# Thread: Calc 1 ellipse volume

1. ## Calc 1 ellipse volume

Find the volume of the solid generated by revolving about the x-axis the region bounded by the x-axis and the upper half of the ellipse

x^2/a^2 + y^2/b^2 = 1

(and thus find the volume of a prolate spheroid)

Here a and b are positive constants with a>b

Volume of the solid of revolution?

Okay, so this one is tripping me up a bit... here's what I've done:

I tried to solve for y and got --
y = square root(b^2(1 - x^2/a^2)) or y = b*sqrt(1 - x^2/a^2)

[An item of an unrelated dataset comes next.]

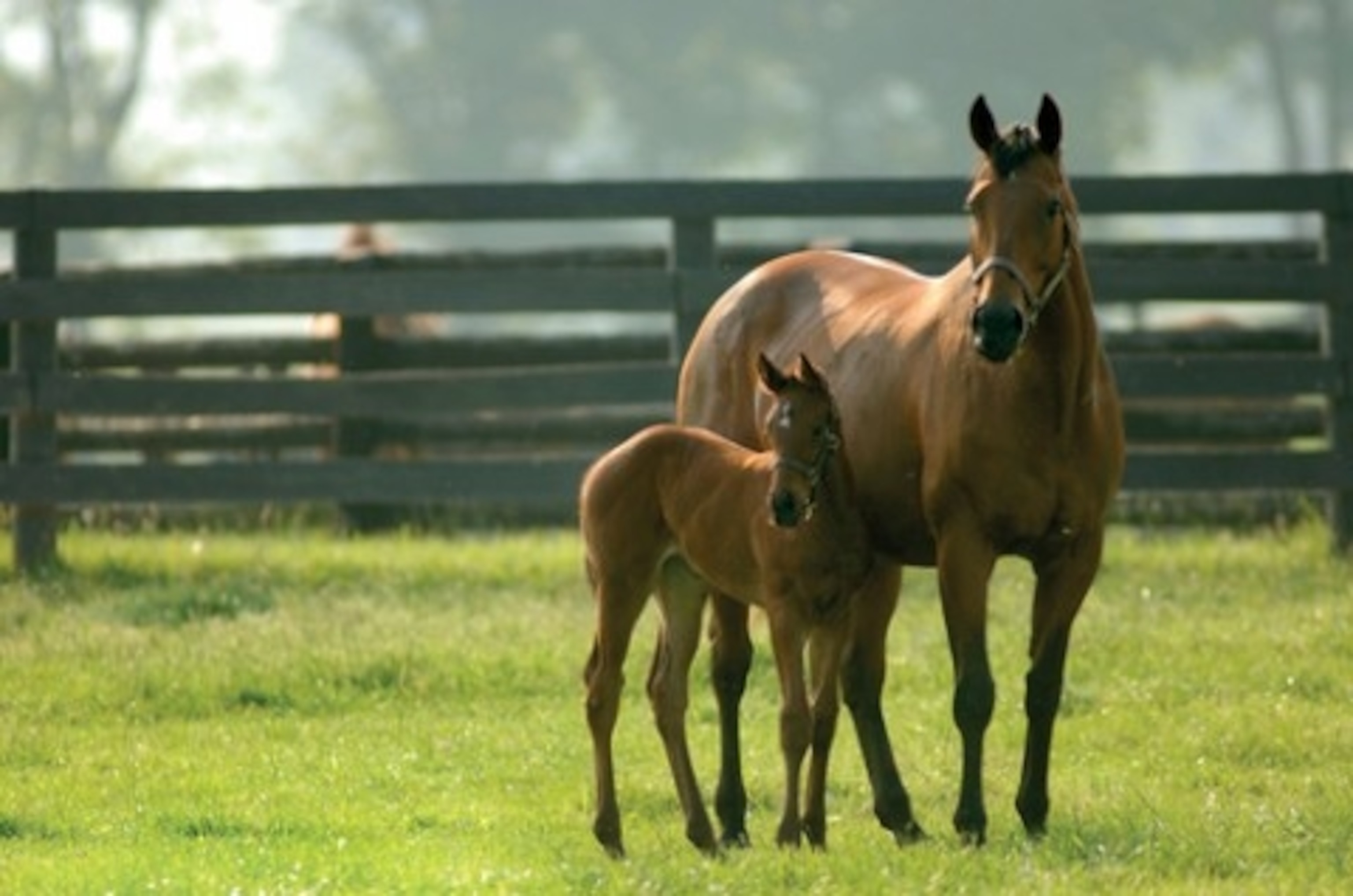 Photo: A mare and her foal in the spring at Three Chimneys Farm, by Lee Thomas
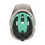 Prilba má vpredu dostatok miesta pre nosenie downhillových okuliarov, ktoré možno uložiť aj na vrch prilby.

I thought I would need to square the function and ultimately multiply by pi:

pi int_a^b (b^2(1-x^2/a^2) dx and I moved the b^2 to the beginning with pi and integrated to get:
b^2* pi [ x - x^3/3a^2]

so my final answer, keeping the b and a...
b^2*pi[(b-(b^3)/(3a^2))-(a-(a^3)/(3a^2))]

unfortunately this is not the correct answer. any help?? thanks!

2. Here we use the formula $V = \pi \int y^2 dx$

$\frac{x^2}{a^2} + \frac{y^2}{b^2} = 1.$

$\frac{y^2}{b^2} = 1 - \frac{x^2}{a^2}$

$y^2 = b^2 \left(1 - \frac{x^2}{a^2}\right)$
$y^2 = \frac{b^2}{a^2} (a^2 - x^2)$

substitute into V formula. Set the limits to a and -a (x intersections which enclose the upper area).

$V = \pi \int \limits_{-a}^a \frac{b^2}{a^2} (a^2 - x^2) dx$

$V = \pi \frac{b^2}{a^2} \int \limits_{-a}^a (a^2 - x^2) dx$

$V = \pi \frac{b^2}{a^2} \left[a^2 x - \frac{x^3}{3} \right]_{-a}^a$

$V = \pi \frac{b^2}{a^2} \left[ \left(a^2 *a - \frac{a^3}{3} \right) - \left(a^2 *-a - \frac{(-a)^3}{3} \right) \right]$

$V = \pi \frac{b^2}{a^2} \left( \frac{2a^3}{3} + \frac{2a^3}{3} \right)$

$V = \pi \frac{b^2}{a^2} * \frac{4a^3}{3}$

$V = \frac{4 \pi a^3 b^2}{3a^2}$

$V = \frac{4}{3} \pi ab^2$